Такие же, как родители Семена: молодые комсомольцы и коммунисты, дети тех, кто прошел революцию и войну и не рвался к власти, не шпионил в пользу Англии-Германии-Японии и прочих империалистов. И тогда подросток со станицы не кривил душой и не жалел ни Оськи Фроймана, ни Маши Демичевой, ни других новых друзей. Кто же виноват в том, что их папы и мамы не хотели жить в новой стране так, как положено ее гражданам. А вот семья Семена хотела. И он сам хотел. Рос, учился, занимался спортом. Прыгал с парашютом с вышки в парке, что начали строить на Старой Кубани. Стрелял в тире, выбивая девять очков из десяти постоянно. Занимался боксом. И хотел идти дальше в институт, учиться, стать инженером, как отец. Но пришли немцы, и Семен, на глазах которого люди в мышиного цвета форме расстреляли его маму, когда она пыталась завести в подъезд девочку с шестиконечной звездой на одежде, ушел в партизаны [14] .

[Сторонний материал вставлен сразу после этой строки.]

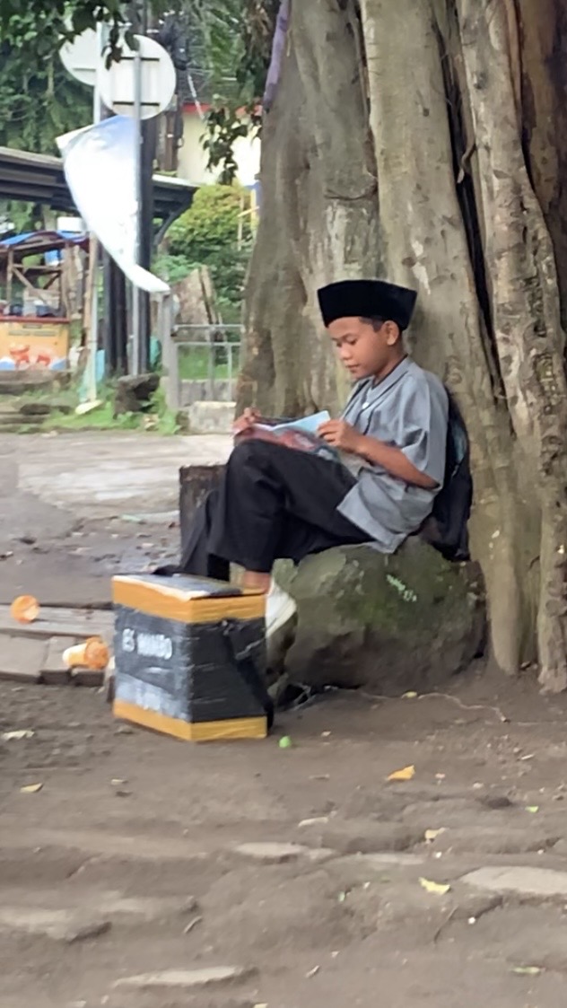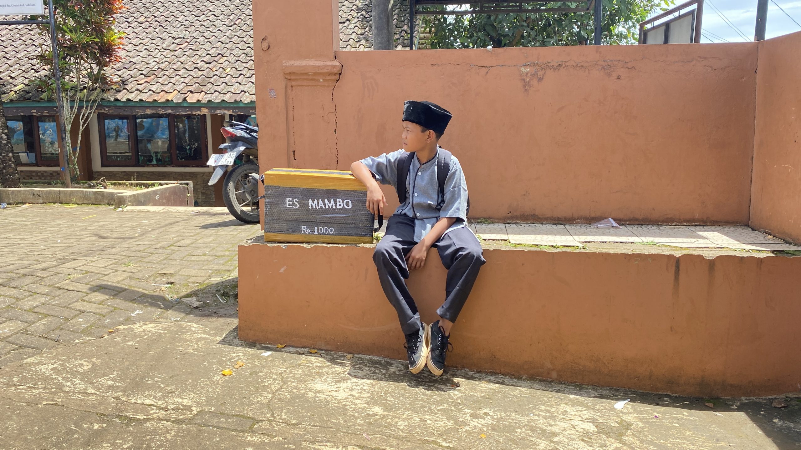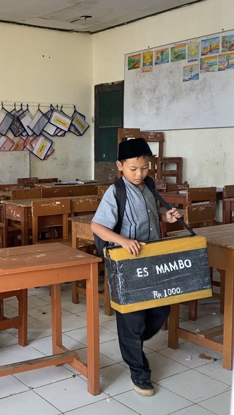 Saat jam istirahat tiba, Farel bukan hanya murid, tapi juga penjual kecil. Ia membawa termos berisi es mambo dan berjalan pelan menawarkan dagangannya, “Seribu ya…” katanya lirih. Dari seribu rupiah itulah ia menabung harapan agar tetap bisa membeli kebutuhan sekolahnya sendiri.
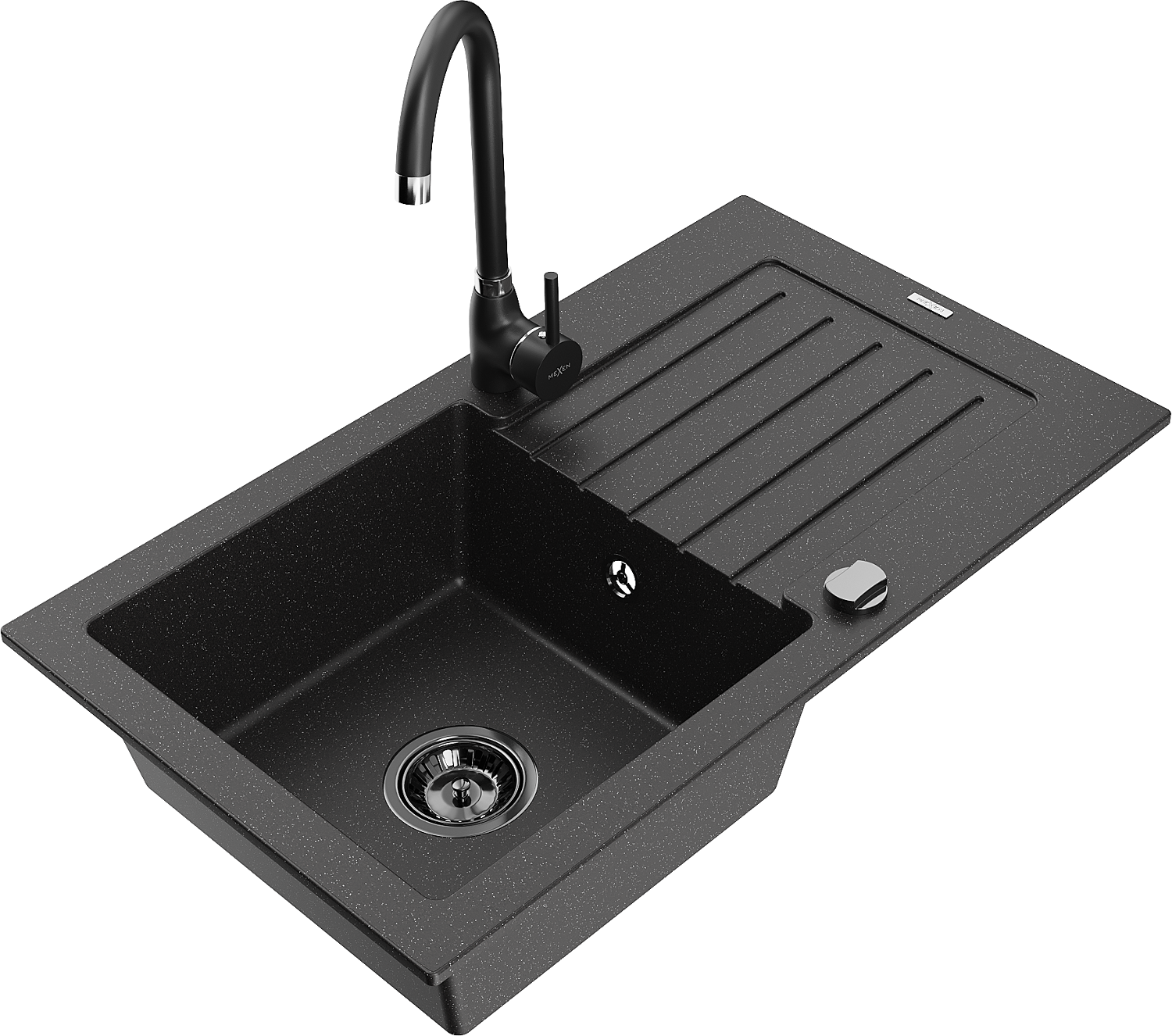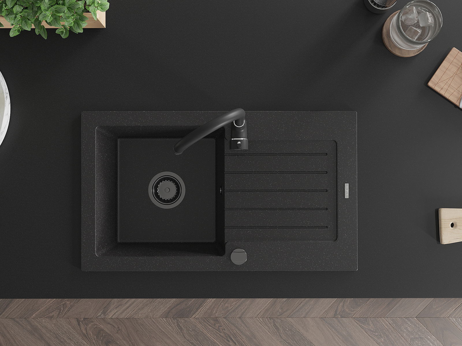 Mexen Pablo granite sink 1-bowl with drainer and Telma kitchen tap, black/silver - 6510-73-670200-70-B

Десять лет он провел в собственном крае, скитаясь по лесам и горам как волк. В своей собственной стране такие же, как он, люди, решившие не сдаваться, постоянно защищались. И нападали сами. Расстреливали полицейские участки и войсковые колонны, пускали под откос поезда с солдатней и грузами, подрывали здания администрации и гестапо. Семен был одним из немногих, кто продержался так долго. Тех, кто начал воевать с фашистами одновременно с ним, практически не осталось. Облавы, засады, ловля на живца, предатели. Всего хватало в жизни тех, кто решил бороться до конца и ушел в лес. А сегодня ночью наконец-таки нашли и их. Да так, что при одном только воспоминании про это Семена снова начала бить крупная дрожь.

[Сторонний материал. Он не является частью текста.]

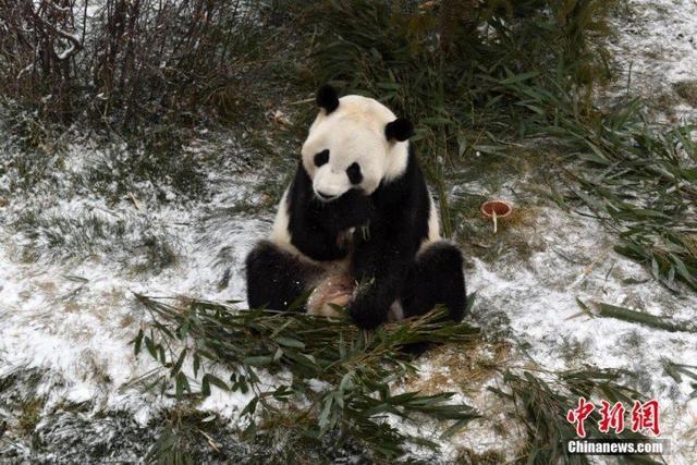 青海省西寧市では11月30日、雪が降った後に気温がマイナス約4度まで下がったが、パンダは高原の寒さなど何ともない様子で、屋外で元気にエサを食べ、「もぐもぐモード」全開だった。中国新聞網が伝えた。
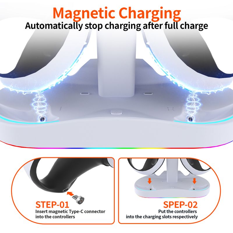 Controller Charging Dock for PS5 VR2, PSVR 2 Charging Station with VR Headset Holder Display Stand, PS VR2 Controller Charger for PSVR2 Accessories with Led Indicator, 2 Magnetic Clasp & Type-C Cable
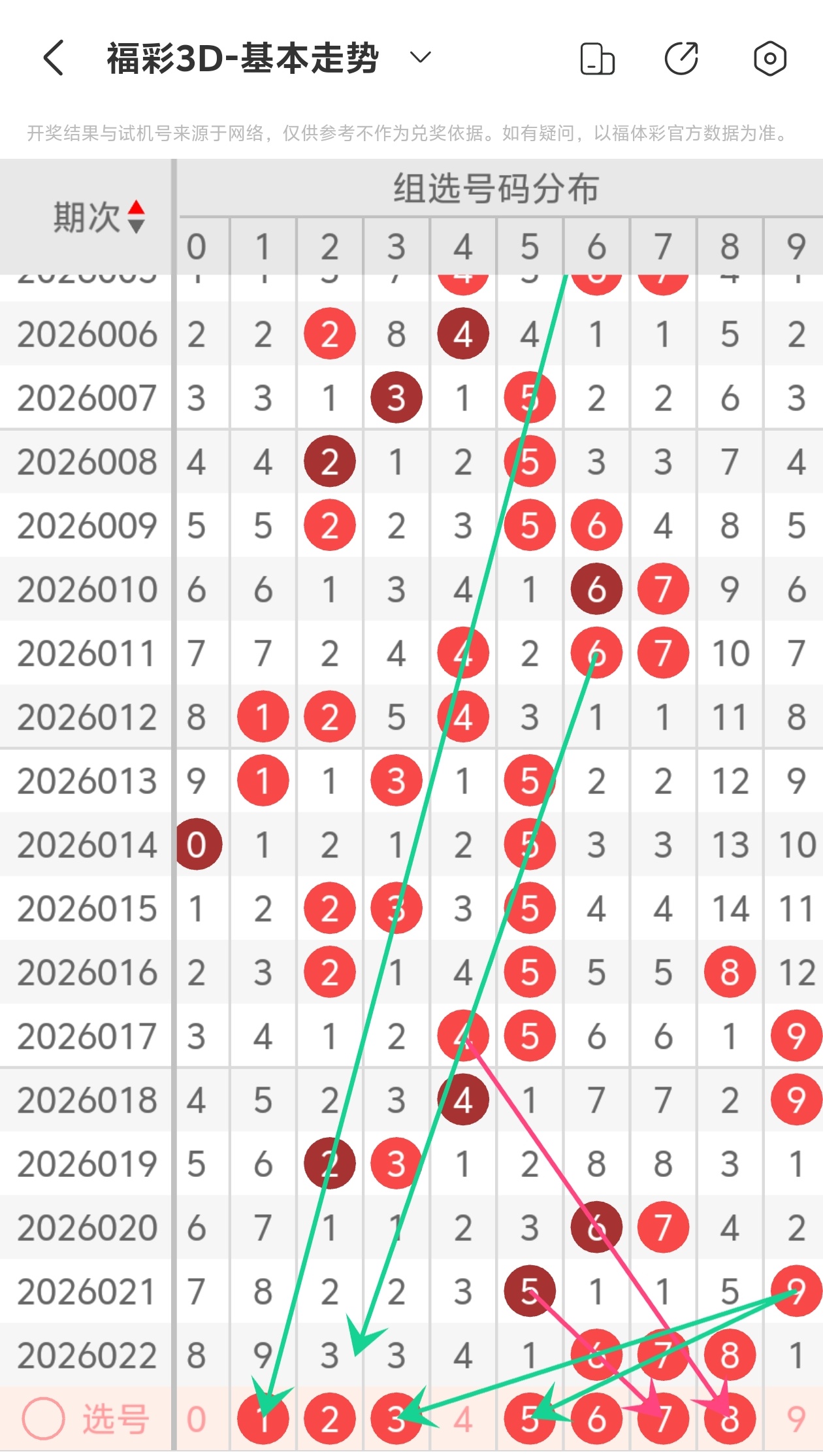 通过以上简单分析,我们看下26023期号码的定位分析:
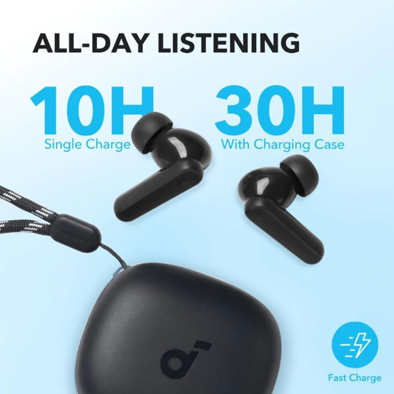 با یک بار شارژ 10 ساعته این هندزفری می توانید به مدت 30 ساعت از هندزفری برای مکالمه و شنیدن موزیک استفاده کنید. همچنین این ایرفون انکر دارای قابلیت شارژ سریع است به طوری که با شارژ سریع 10 دقیقهای به شما 2 ساعت زمان استفاده میدهد.
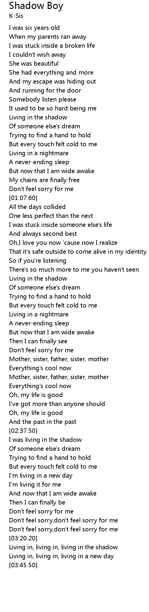 | [02:39.90] | I was living in the shadow |
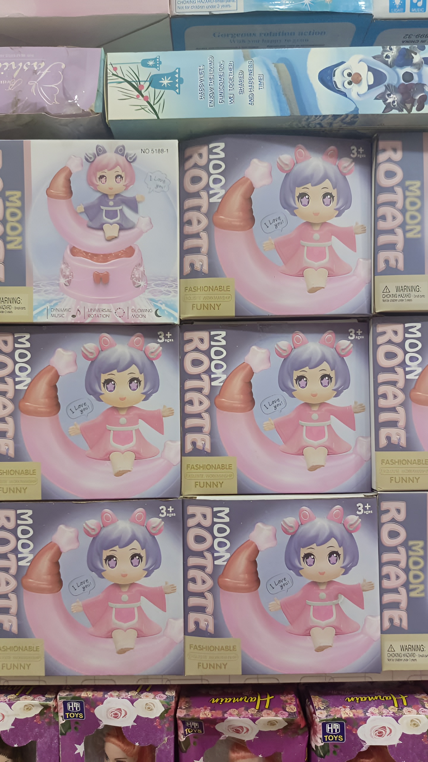 Enchant your child with the Rotate Moon Doll, a delightful rotating moon toy featuring dynamic music and glowing lights! This charming toy includes a cute doll figure seated on a crescent moon that rotates and lights up, adding a magical touch to any playtime. With interactive features like universal rotation and engaging music, this toy captivates young children and enhances their sensory development. Ideal for kids aged 3 and up, it makes a lovely gift that brings joy and wonder to any child’s collection. Features

Если бы он тогда не захотел сходить в сортир, если бы не повариха, Царствие ей Небесное, Леночка, нажарившая домашних котлет из свежего мяса. Сейчас бы он, скорее всего, был уже мертв, так же как товарищи, оставшиеся где-то там, далеко.

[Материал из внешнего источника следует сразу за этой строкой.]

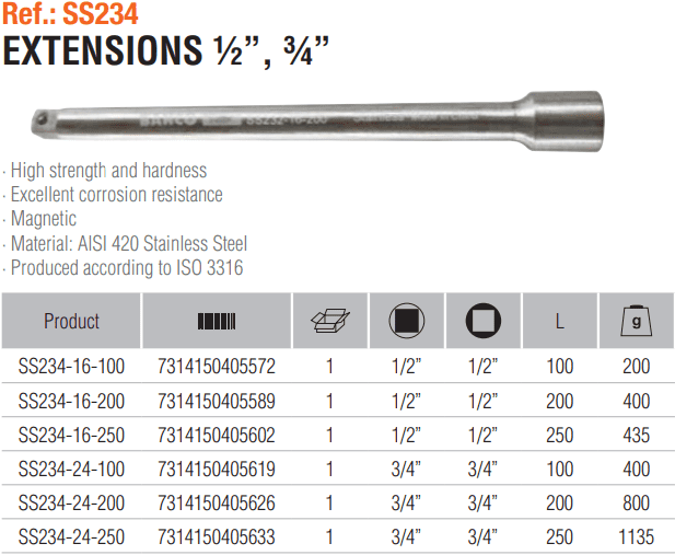- Khẩu nối dài Inox Bahco SS234-24-200, Bahco Inox extension SS234-24-200 có đầu vào: 3/4", chiều dài: 200 mm, chuyên dùng để nối các tay công trong môi trường có từ tính cao còn được sử dụng để tránh mọi nhiễu loạn từ tính, chẳng hạn như các thiết bị điện tử...v.v
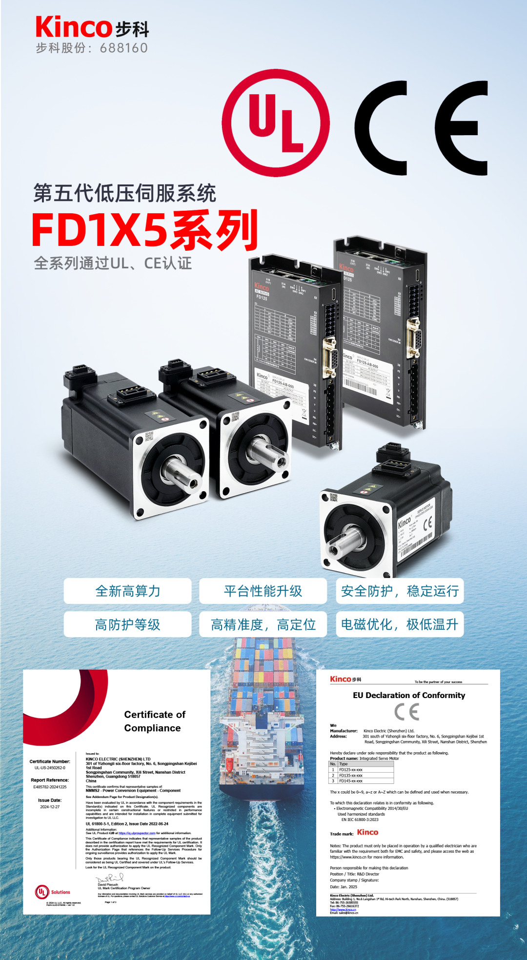 步科FD1X5系列低压伺服系统凭借着技术创新和可靠品质,全系列通过UL与CE认证,标志着产品在电气安全、稳定性和环境适应性均达到国际一流水准,助力客户无缝对接海外严苛的法规要求,缩短认证周期,降低市场准入成本。
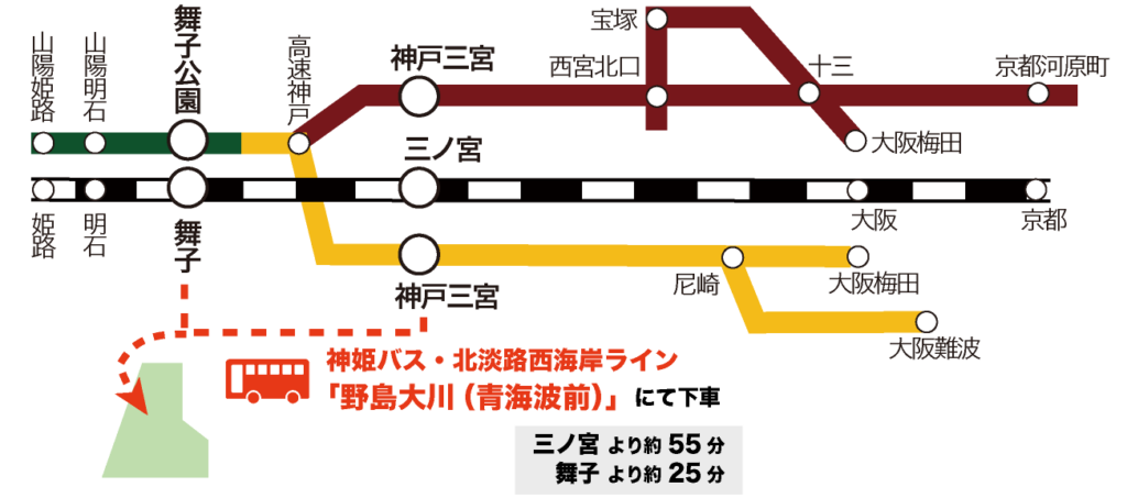 (各線三ノ宮駅より約55分、JR舞子駅より約25分)
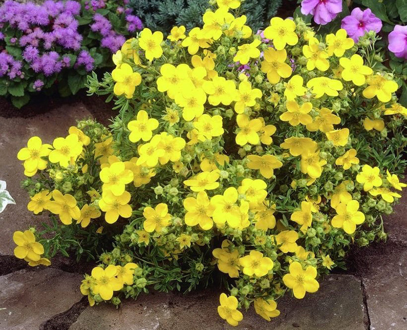 - С колокольчиками и вероникой: Эти растения с синими и фиолетовыми цветками прекрасно дополняют желтые и оранжевые сорта лапчатки, создавая яркие, солнечные клумбы.
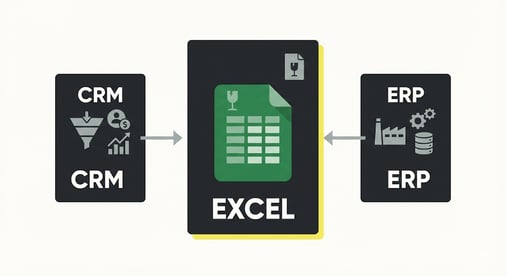 C'est le symptôme universel. On extrait les données de l'ERP vers Excel, on y intègre les règles métier (formules), et on génère le PDF. Les outils à plusieurs centaines de milliers d'euros (ERP+CRM) deviennent de simples bases de données passives, tandis que l'intelligence commerciale de l'entreprise réside dans un fichier fragile.
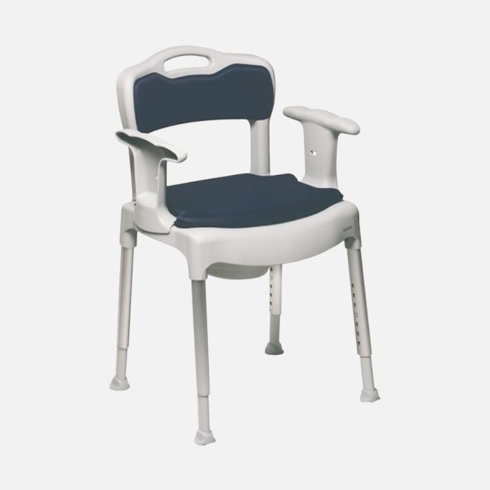 The chair is designed for comfort and safety, with a slight forward tilt option to assist with sitting and standing. Its lightweight frame and tool-free assembly make it easy to adjust, transport, and maintain.

Часовых сняли быстро и практически одновременно. Это Семен понимал уже сейчас. Потому что те, кто уничтожил отряд, вошли в «городок» сразу и со всех сторон. А тогда…
На войне твой «ствол» всегда должен быть рядом. Равно как боеприпасы к нему. И уж как ты выберешься из ситуации, когда отвыкший за три месяца рейдов по фашистским тылам организм красного партизана негодует, – твое личное дело. «Революция» в животе и привела к тому, что Семен даже не смог добежать до нескольких отдельно стоящих деревянных «ватер-клозетов», как издевательски прозвали их в отряде. Сидя в кустах, росших сразу за «его» землянкой, с ППШ, прислоненным к стволу ольхи, своей густой кроной закрывающей его от дождя, он был рад тому, что не погнушался когда-то снять с еще теплого фрица удобную «сбрую» из кожи. Было немного стыдно за самого себя, но что тут поделаешь, когда вот так вот прихватит?
Со стороны одного из трех входов в «городок» неожиданно раздался чей-то безумно дикий крик, зависший на одной высокой ноте и неожиданно резко оборвавшийся. Семен насторожился, чертыхнувшись про себя и на самого себя. Чуть позже раздались первые очереди и взрывы. Что заставило его тогда тихо отползти в сторону и не убегать сразу? Скорее всего, въевшийся опыт войны, который подсказывал, что нужно увидеть тех, кто напал, и понять то, что следует ожидать. Не кидаться, очертя голову, в бой до того, как не поймешь весь уровень опасности.
Света в лагере, естественно, не было. Увидеть что-то Семен смог, лишь когда начали полыхать, одна за другой, землянки и несколько палаток, стоявших на отшибе. Увидев, не поверил собственным глазам, но всего через несколько минут сломя голову несся через лес. Старался убежать как можно дальше, поскальзываясь и растягиваясь на мокрой траве. Потому что на отряд напали не люди.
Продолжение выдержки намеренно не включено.